Problem description
Please transcribe the data below exactly. Leave the pictures out.

Data records

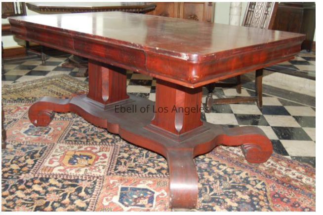 Classical style red mahogany library table. The rectangular top rests on a pair of square pedestals ending on a platform with four scrolled feet.Collection
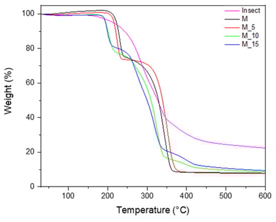 The PBSA/PHBV blend and the biocomposites that contained insect exoskeleton fillers at concentrations of 5%, 10%, and 15% by weight exhibited a distinctive two-stage degradation pattern. In this thermal process, the initial peak degradation temperature could be attributed to the PHBV, while the subsequent peak degradation temperature corresponded to the PBSA. These findings are in line with what was observed in previous research [36,37]. Notably, the thermal decomposition of the filler, which in this case consisted of insect exoskeletons, exhibited a distinctive one-step degradation process at about 200 °C.
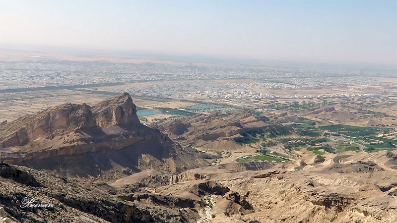 这座山位于阿联酋和阿曼的交界处。一面是艾因,一面是阿曼。
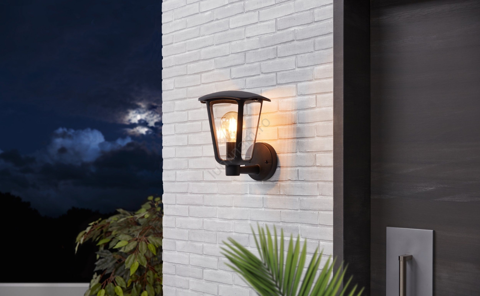 Articolul Eglo 98119 - Aplică perete exterior MONREALE 1xE27/60W/230V IP44 negru este caracterizat printr-un aspect plăcut și funcțional.  Produsul funcționează cu becuri cu soclu E27. De aici se pot cumpăra alte becuri la prețuri avantajoase.
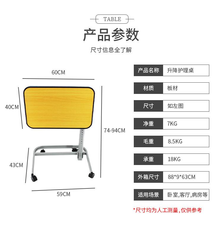 Escritorio plegable manual de elevación directa de fábrica para hospital, hogar, computadora, plegable, integrado como mesita de noche, escritorio abatible
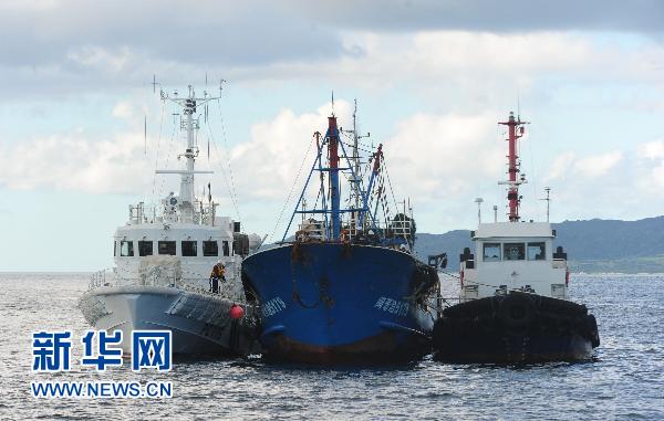 資料圖片:2010年9月12日,日本海上保安廳的兩艘巡邏船將中國漁船夾在中間。當(dāng)天,日本海上保安廳將中國漁船拖到?jīng)_繩縣石垣港附近海域進(jìn)行了模擬海上作業(yè)檢查。 新華社記者 季春鵬 攝
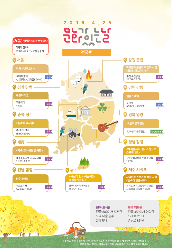 매달 마지막 수요일은 일상에서 문화를 더욱 쉽게 접할 수 있도록 문화체육관광부(장관 도종환, 이하 문체부)가 지정한 ‘문화가 있는 날’이다.
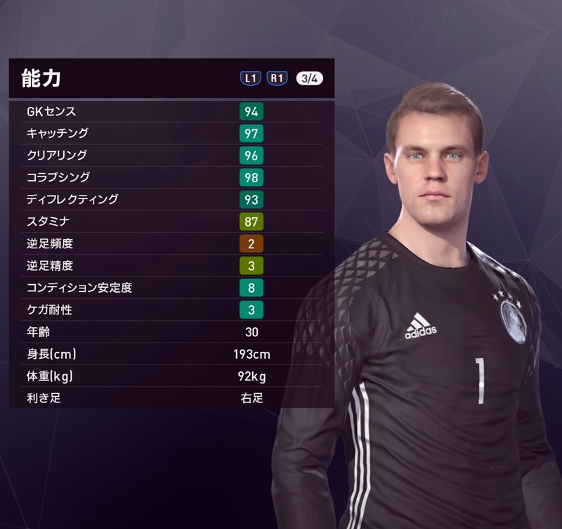 言わずと知れたドイツ代表の怪物GK、ノイアー。スケールの大きさは過去の名手たちと比較してもある意味破格であり、新時代の守護神像を築き上げた。スタミナ87は彼ならではだろう。
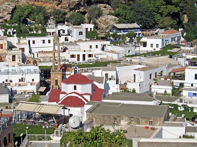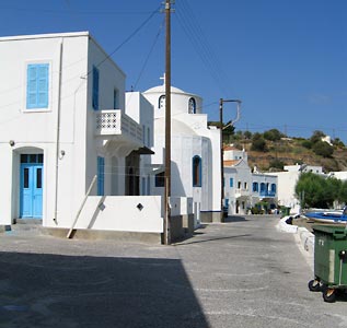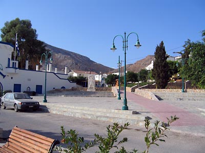 Pali mit dem Hauptdorf Mandraki und mit dem Dorf am Rand des Vulkankraters.
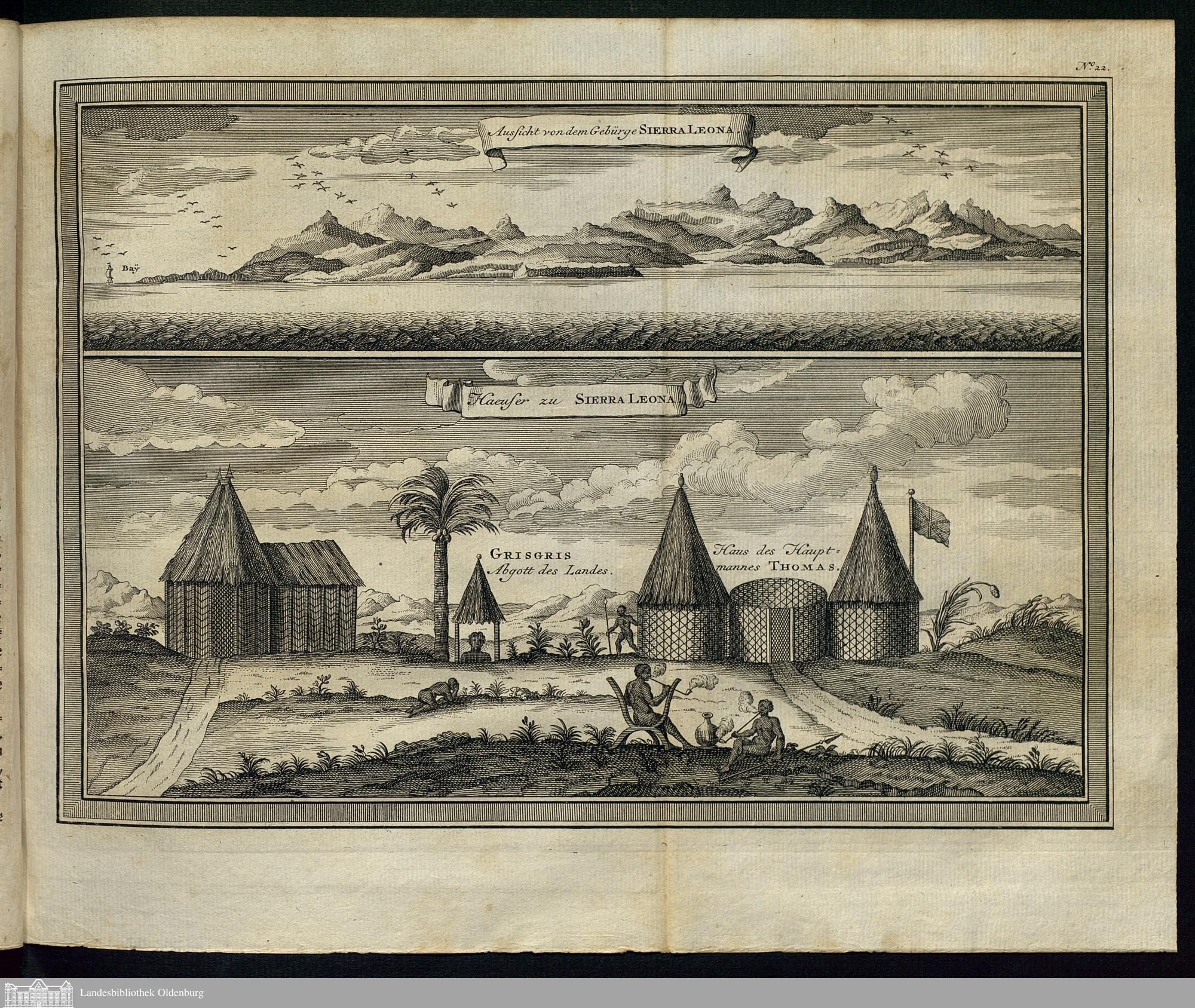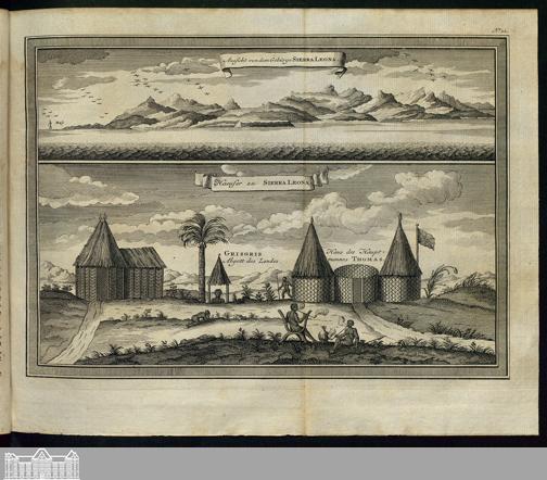 Illustration: Aussicht von dem Gebürge Sierra Leona; Haeuser zu Sierra Leona.
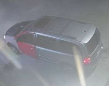 The vehicle is described as an older-model Chrysler minivan, silver or grey, with a red driver’s side door and sunroof. It may also have rear-end damage.
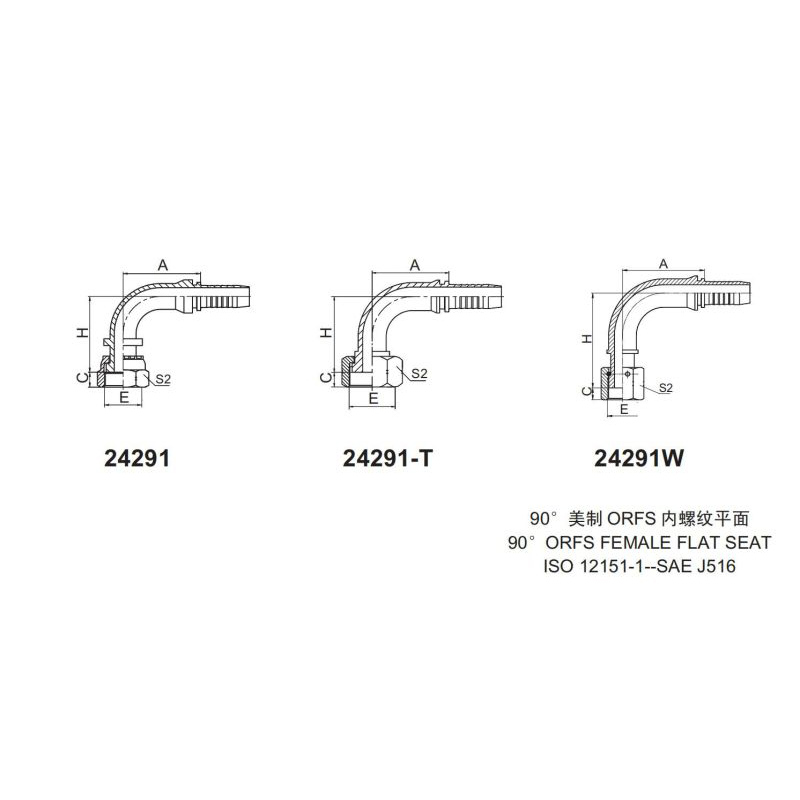 永華標準扣壓式接頭 24291和24291-T以及24291W90美制ORFS 內螺紋平面90ORFS FEMALE FLAT SEATISO 12151-1-
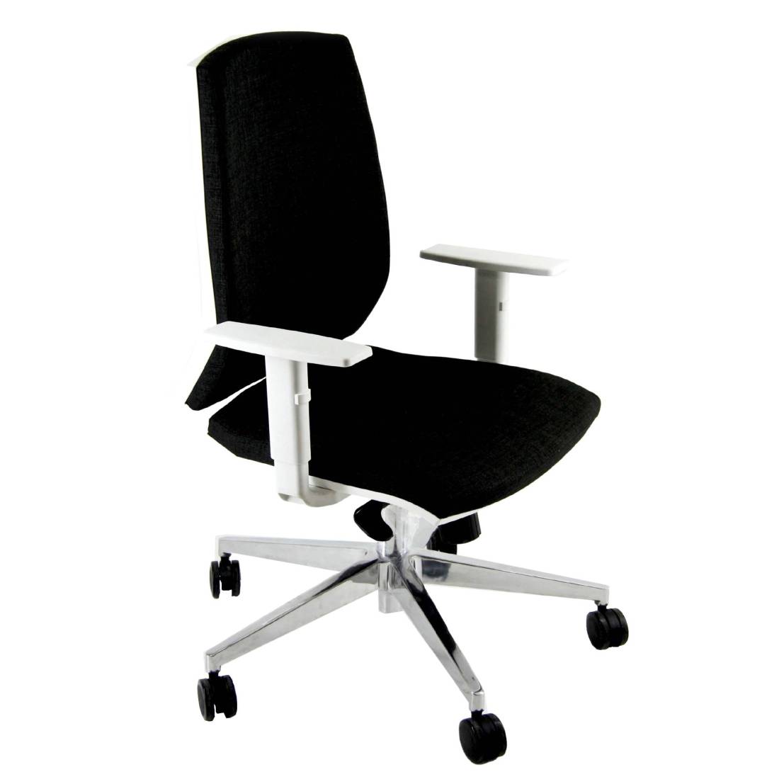 Poltrona semidirezionale girevole con elevazione a gas meccanismo synchro con 4 blocchi anti shock - meccanismo a contatto permanente -schienale regolabile up-down - supporto lombare regolabile. Rivestimento seduta in tessuto "PLUS - Ignifugo standard" in fibra modacrilica e reazione al fuoco classe 1. Completa di braccioli regolabili. Alt.tot.: 102-113cm; Prof.tot.: 68cm; Alt.schienale: 52cm; Larg.schienale: 45cm; Larg.seduta: 47cm; Prof.Sedile: 47cm; Alt. sedile: 44-55cm.
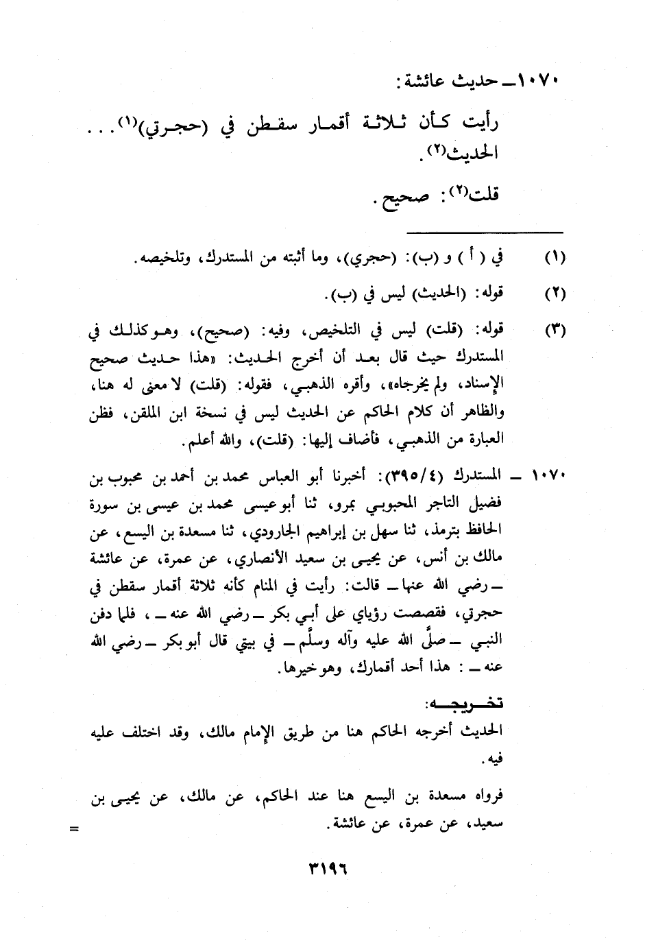 1070 - المستدرك (4/ 395): أخبرنا أبو العباس محمد بن أحمد بن محبوب بن فضيل التاجر المحبوبي بمرو، ثنا أبو عيسى محمد بن عيسى بن سورة الحافظ بترمذ، ثنا سهل بن إبراهيم الجارودي، ثنا مسعدة بن اليسع، عن مالك بن أنس، عن يحيى بن سعيد الأنصاري، عن عمرة، عن عائشة -رضي الله عنها- قالت: رأيت في المنام كأنه ثلاثة أقمار سقطن في حجرتي، فقصصت رؤياي على أبي بكر -رضي الله عنه-، فلما دفن النبي -صلى الله عليه وآله وسلم- في بيتي قال أبو بكر -رضي الله عنه-: هذا أحد أقمارك، وهو خيرها.
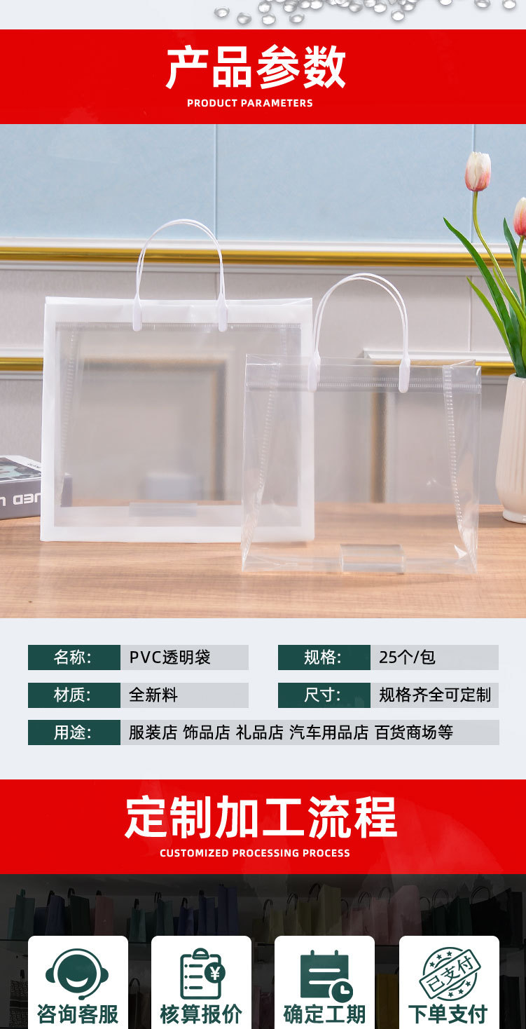 PVC 투명 핸드백 두꺼운 기념품 가방 의류 가방 비닐봉투 맞춤형 외출용 핸드백 인스 스타일스토어 가기
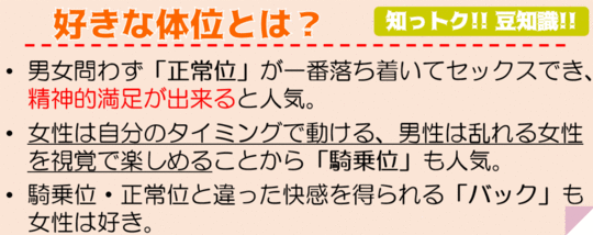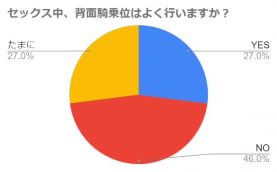 上のグラフを見てもわかる通り、意外とやったことがないという人が多いんですよね。騎乗位は男女ともに人気の体位ですが、わざわざ背面で・・ってっことが少ないみたい。
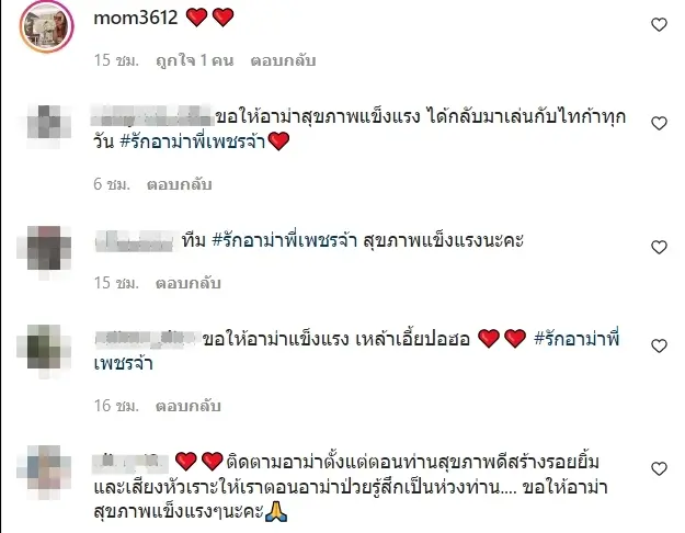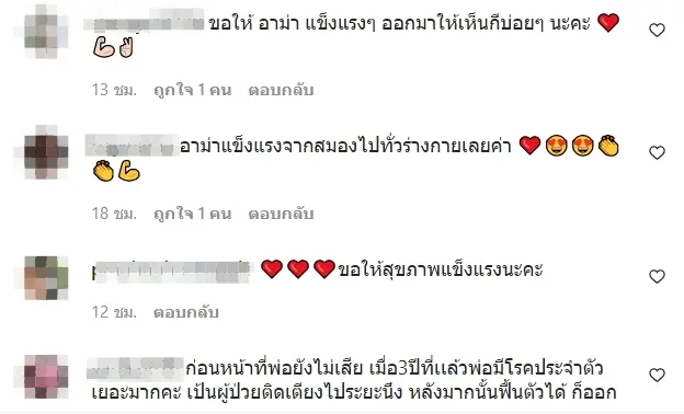 งานนี้ก็มีทางด้านของแฟนคลับเข้ามาร่วมคอมเมนต์อวยพรให้กลับทางด้านของ อาม่า กันอย่างมากมายรวมถึงทางด้านของคุณแม่ของ นิวเคลียร์ หรรษา ก็เข้ามาร่วมสติกเกอร์หัวใจให้กับทางอาม่าด้วยเช่น
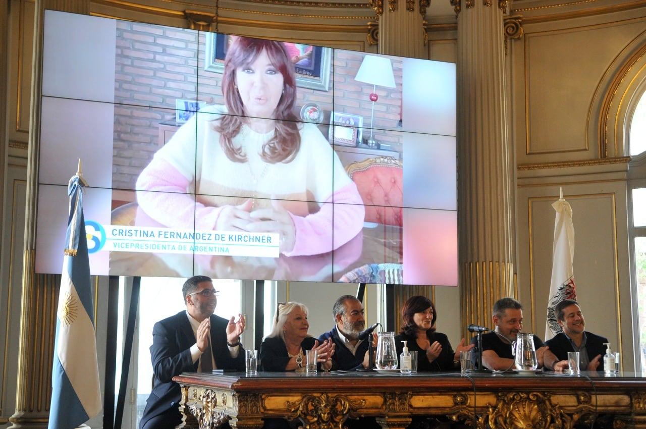 La vicepresidenta Cristina Kirchner, el expresidente uruguayo José “Pepe” Mujica, Taty Almeida y Estela de Carlotto enviaron sus saludos virtuales. La ministra de Trabajo “Kelly” Olmos, Héctor Daer por la CGT, el vicejefe del Gabinete de Ministros Juan Manuel Olmos, la legisladora M.C. Silvia Gottero y el senador Mariano Recalde acompañaron al secretario general del Suterh –y coordinador del Grupo Octubre--, Víctor Santa María.

Solved problem
 Classical style red mahogany library table. The rectangular top rests on a pair of square pedestals ending on a platform with four scrolled feet.Collection
 The PBSA/PHBV blend and the biocomposites that contained insect exoskeleton fillers at concentrations of 5%, 10%, and 15% by weight exhibited a distinctive two-stage degradation pattern. In this thermal process, the initial peak degradation temperature could be attributed to the PHBV, while the subsequent peak degradation temperature corresponded to the PBSA. These findings are in line with what was observed in previous research [36,37]. Notably, the thermal decomposition of the filler, which in this case consisted of insect exoskeletons, exhibited a distinctive one-step degradation process at about 200 °C.
 这座山位于阿联酋和阿曼的交界处。一面是艾因,一面是阿曼。
 Articolul Eglo 98119 - Aplică perete exterior MONREALE 1xE27/60W/230V IP44 negru este caracterizat printr-un aspect plăcut și funcțional.  Produsul funcționează cu becuri cu soclu E27. De aici se pot cumpăra alte becuri la prețuri avantajoase.
 Escritorio plegable manual de elevación directa de fábrica para hospital, hogar, computadora, plegable, integrado como mesita de noche, escritorio abatible
 資料圖片:2010年9月12日,日本海上保安廳的兩艘巡邏船將中國漁船夾在中間。當(dāng)天,日本海上保安廳將中國漁船拖到?jīng)_繩縣石垣港附近海域進(jìn)行了模擬海上作業(yè)檢查。 新華社記者 季春鵬 攝
 매달 마지막 수요일은 일상에서 문화를 더욱 쉽게 접할 수 있도록 문화체육관광부(장관 도종환, 이하 문체부)가 지정한 ‘문화가 있는 날’이다.
 言わずと知れたドイツ代表の怪物GK、ノイアー。スケールの大きさは過去の名手たちと比較してもある意味破格であり、新時代の守護神像を築き上げた。スタミナ87は彼ならではだろう。
 Pali mit dem Hauptdorf Mandraki und mit dem Dorf am Rand des Vulkankraters.
 Illustration: Aussicht von dem Gebürge Sierra Leona; Haeuser zu Sierra Leona.
 The vehicle is described as an older-model Chrysler minivan, silver or grey, with a red driver’s side door and sunroof. It may also have rear-end damage.
 永華標準扣壓式接頭 24291和24291-T以及24291W90美制ORFS 內螺紋平面90ORFS FEMALE FLAT SEATISO 12151-1-
 Poltrona semidirezionale girevole con elevazione a gas meccanismo synchro con 4 blocchi anti shock - meccanismo a contatto permanente -schienale regolabile up-down - supporto lombare regolabile. Rivestimento seduta in tessuto "PLUS - Ignifugo standard" in fibra modacrilica e reazione al fuoco classe 1. Completa di braccioli regolabili. Alt.tot.: 102-113cm; Prof.tot.: 68cm; Alt.schienale: 52cm; Larg.schienale: 45cm; Larg.seduta: 47cm; Prof.Sedile: 47cm; Alt. sedile: 44-55cm.
 1070 - المستدرك (4/ 395): أخبرنا أبو العباس محمد بن أحمد بن محبوب بن فضيل التاجر المحبوبي بمرو، ثنا أبو عيسى محمد بن عيسى بن سورة الحافظ بترمذ، ثنا سهل بن إبراهيم الجارودي، ثنا مسعدة بن اليسع، عن مالك بن أنس، عن يحيى بن سعيد الأنصاري، عن عمرة، عن عائشة -رضي الله عنها- قالت: رأيت في المنام كأنه ثلاثة أقمار سقطن في حجرتي، فقصصت رؤياي على أبي بكر -رضي الله عنه-، فلما دفن النبي -صلى الله عليه وآله وسلم- في بيتي قال أبو بكر -رضي الله عنه-: هذا أحد أقمارك، وهو خيرها.
 PVC 투명 핸드백 두꺼운 기념품 가방 의류 가방 비닐봉투 맞춤형 외출용 핸드백 인스 스타일스토어 가기
 上のグラフを見てもわかる通り、意外とやったことがないという人が多いんですよね。騎乗位は男女ともに人気の体位ですが、わざわざ背面で・・ってっことが少ないみたい。
 งานนี้ก็มีทางด้านของแฟนคลับเข้ามาร่วมคอมเมนต์อวยพรให้กลับทางด้านของ อาม่า กันอย่างมากมายรวมถึงทางด้านของคุณแม่ของ นิวเคลียร์ หรรษา ก็เข้ามาร่วมสติกเกอร์หัวใจให้กับทางอาม่าด้วยเช่น
 La vicepresidenta Cristina Kirchner, el expresidente uruguayo José “Pepe” Mujica, Taty Almeida y Estela de Carlotto enviaron sus saludos virtuales. La ministra de Trabajo “Kelly” Olmos, Héctor Daer por la CGT, el vicejefe del Gabinete de Ministros Juan Manuel Olmos, la legisladora M.C. Silvia Gottero y el senador Mariano Recalde acompañaron al secretario general del Suterh –y coordinador del Grupo Octubre--, Víctor Santa María.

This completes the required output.